What you have to do: In the records below, find the line with "Lyrics of Hamne" and repeat it and every line after it, exactly, without any pictures.

--- Extracted records ---

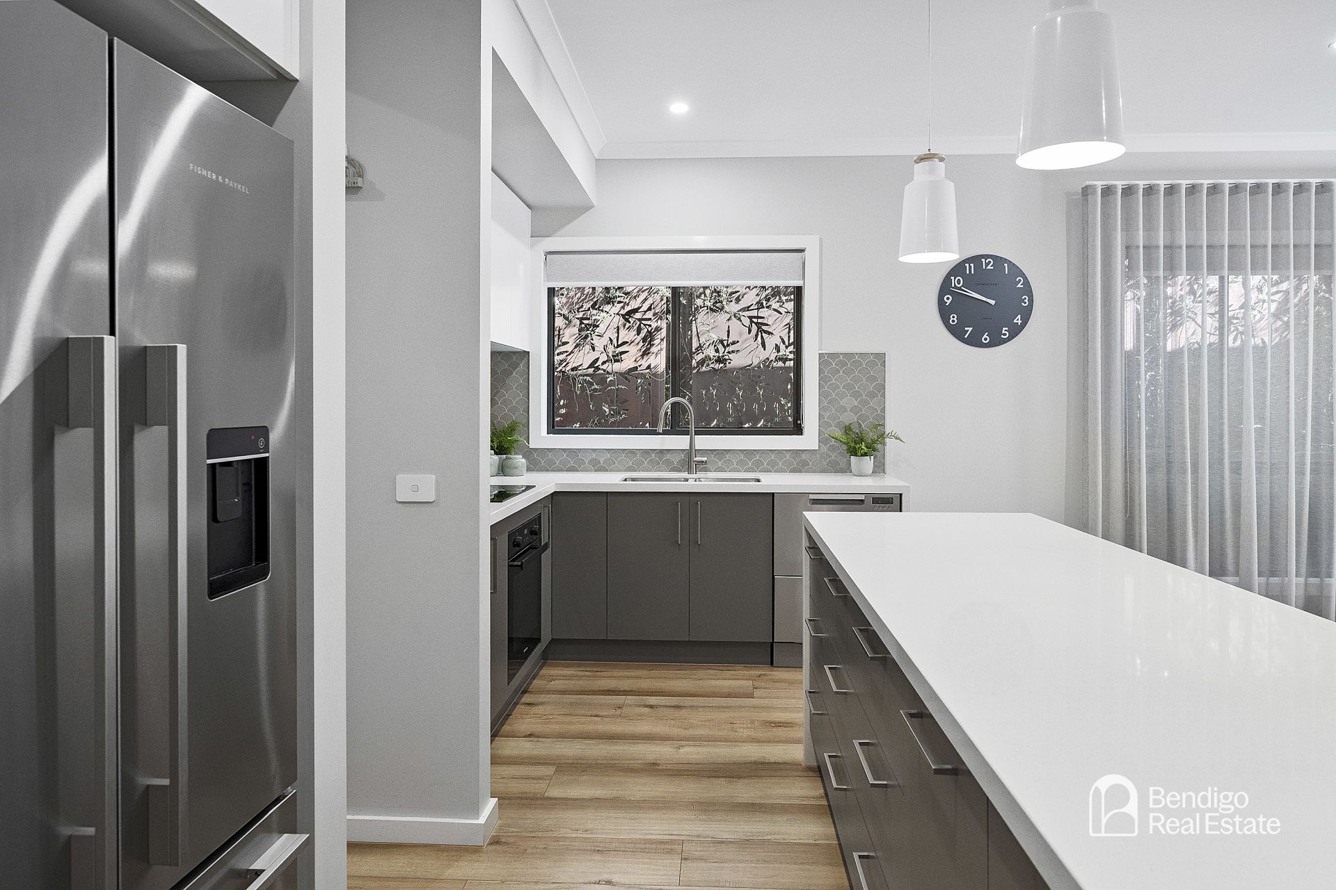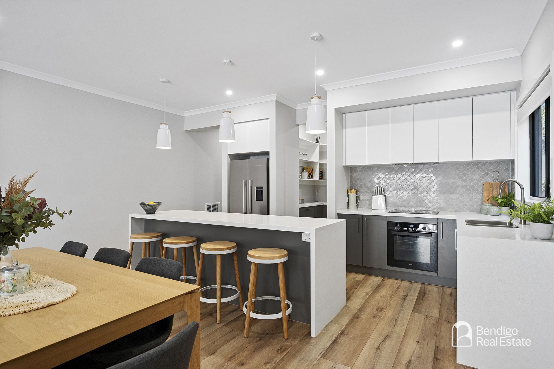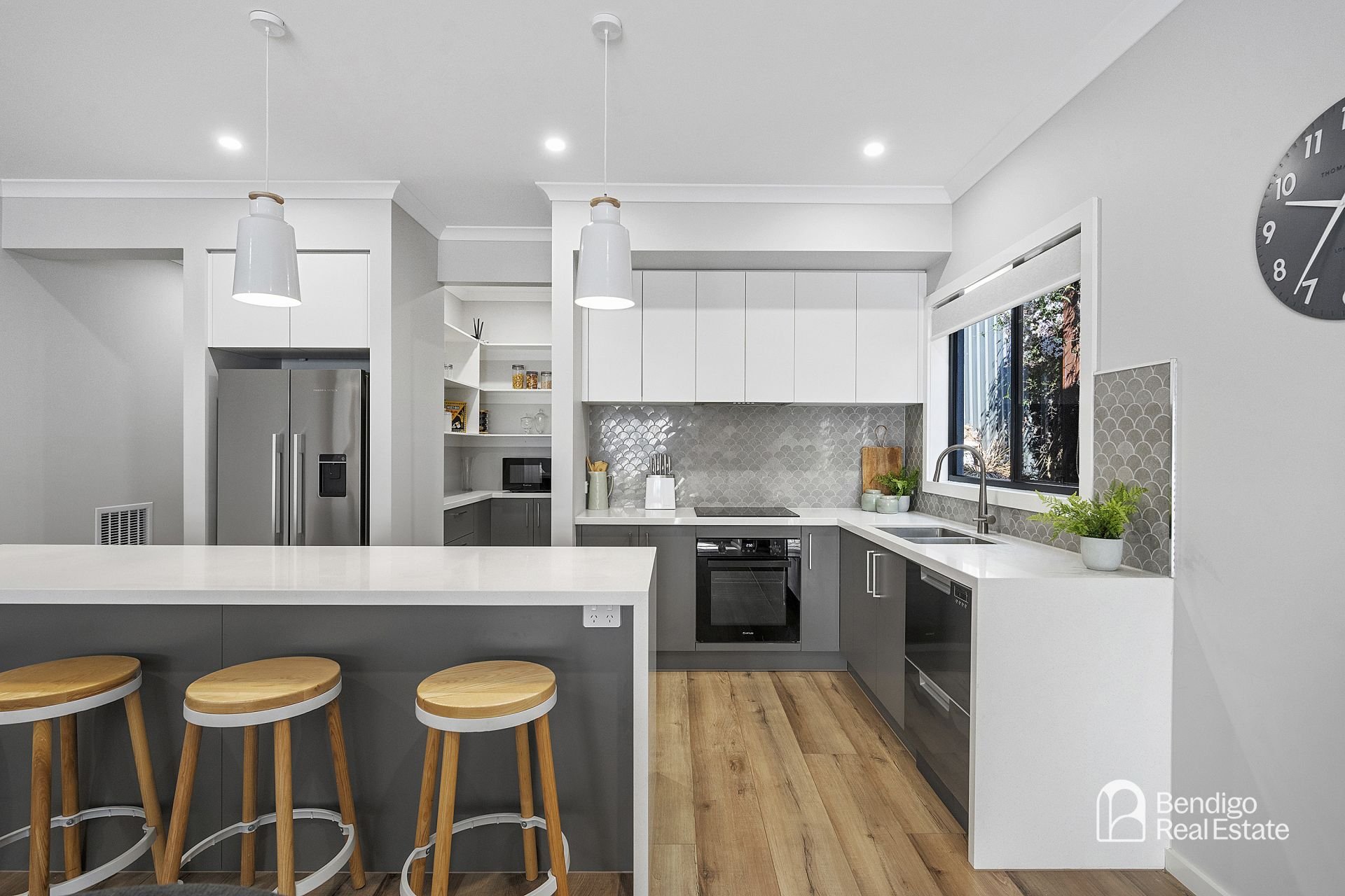 • Kitchen has black under-bench oven, wide pot drawers and stone waterfall island bench.
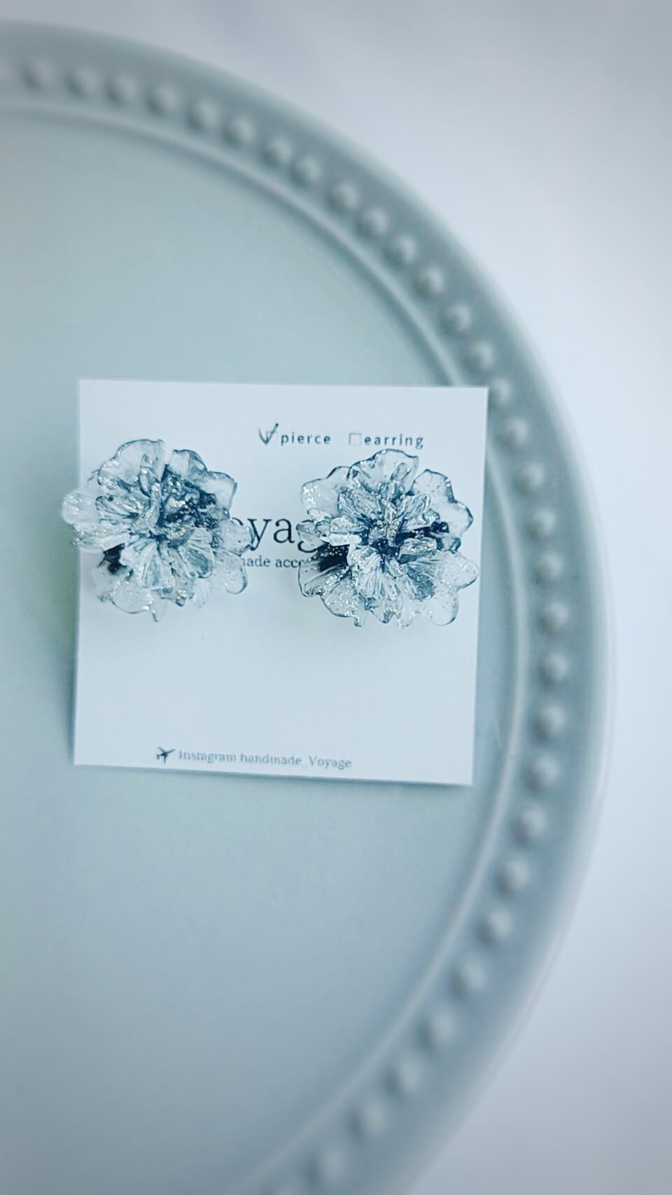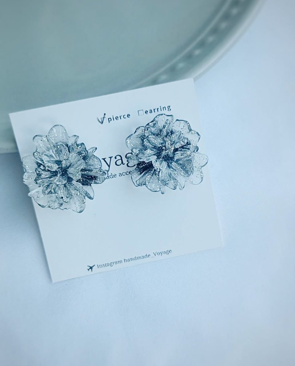 こちらはくしゅっとギャザーを寄せたような、カーネーション型のクリア×ブラックカラーのカボションになります。
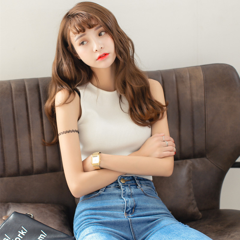 百搭修身復古針織衫背心女夏短款打底衫針織背心無袖打底上衣
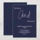 Este elegante convite de casamento azul marinho é perfeito para um casamento moderno. o simples design apresenta uma caligrafia branca elegante num fundo azul.
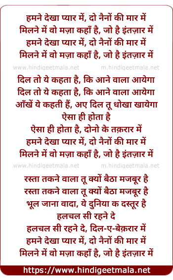 Lyrics of Hamne Dekha Pyar Me, Do Naino Kee Mar Me - हमने देखा प्यार में, दो नैनों की मार में
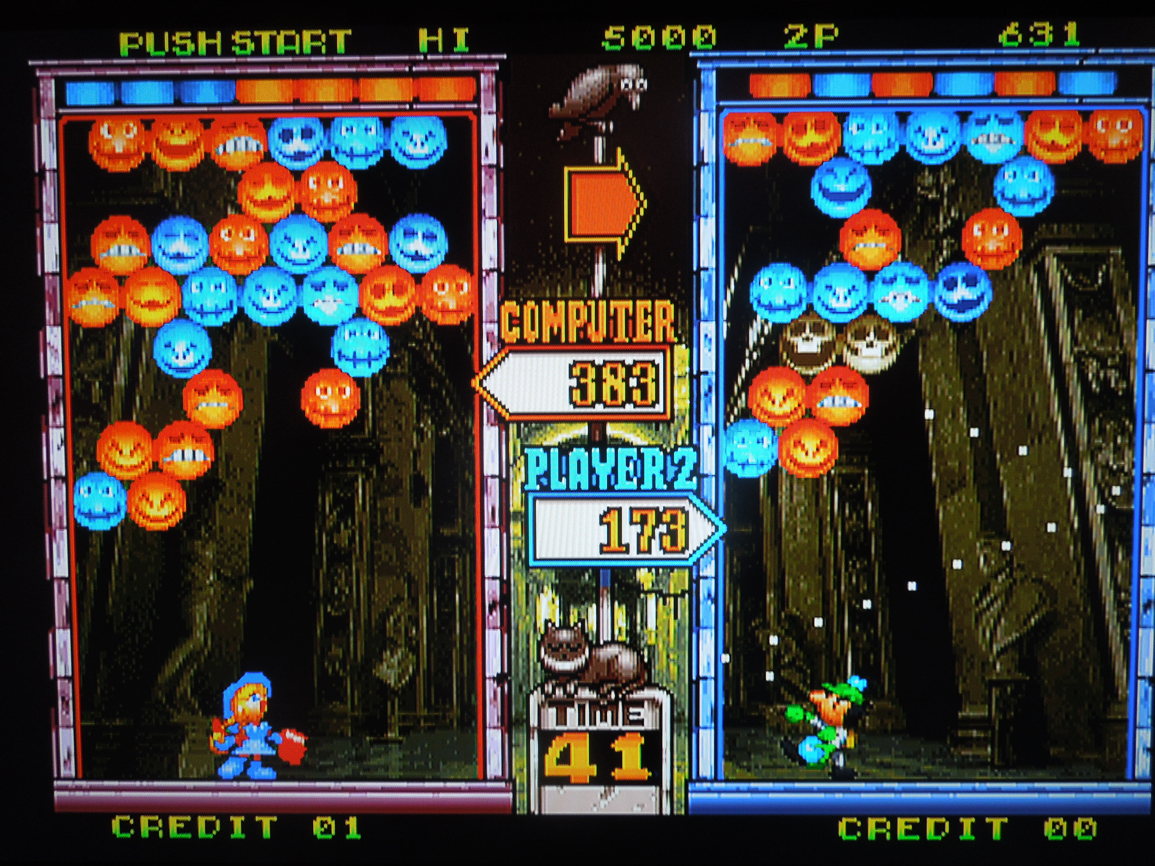 combines the fast action of an Arkanoid style game, with the quick thinking of a Bust-A-Move

---

Completed exercise:
 Lyrics of Hamne Dekha Pyar Me, Do Naino Kee Mar Me - हमने देखा प्यार में, दो नैनों की मार में
 combines the fast action of an Arkanoid style game, with the quick thinking of a Bust-A-Move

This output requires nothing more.